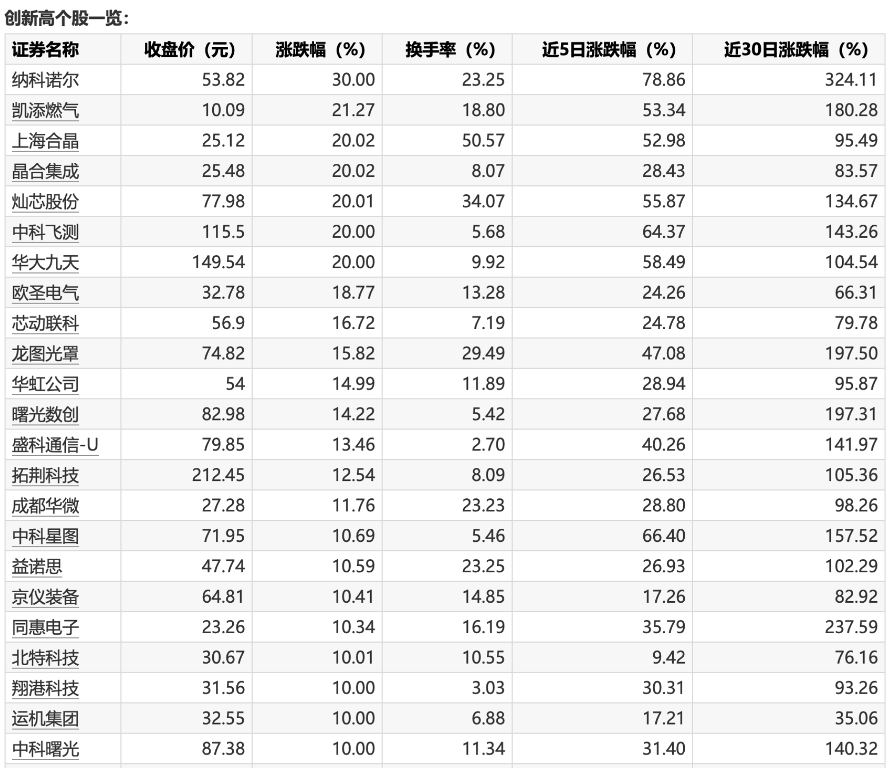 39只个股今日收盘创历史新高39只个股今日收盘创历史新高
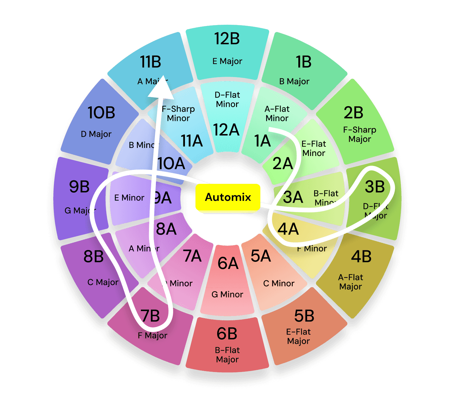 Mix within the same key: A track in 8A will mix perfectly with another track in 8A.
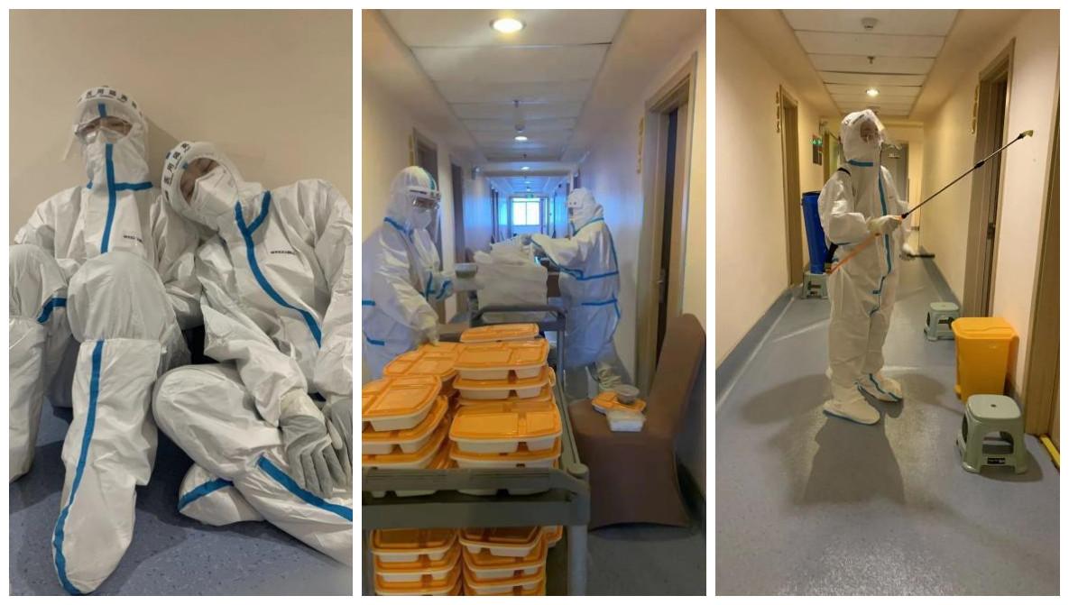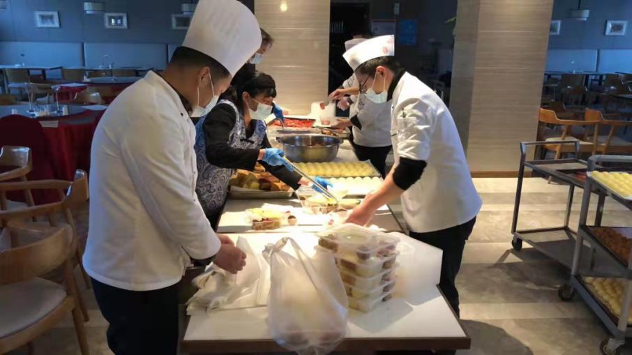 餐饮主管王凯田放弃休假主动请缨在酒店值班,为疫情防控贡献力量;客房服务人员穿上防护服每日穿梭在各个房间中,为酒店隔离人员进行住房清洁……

> **TASK INSTRUCTIONS**
From the first line to the last, transcribe the listing exactly; skip the pictures.

> **EXERCISE OUTPUT**
 39只个股今日收盘创历史新高39只个股今日收盘创历史新高
 Mix within the same key: A track in 8A will mix perfectly with another track in 8A.
 餐饮主管王凯田放弃休假主动请缨在酒店值班,为疫情防控贡献力量;客房服务人员穿上防护服每日穿梭在各个房间中,为酒店隔离人员进行住房清洁……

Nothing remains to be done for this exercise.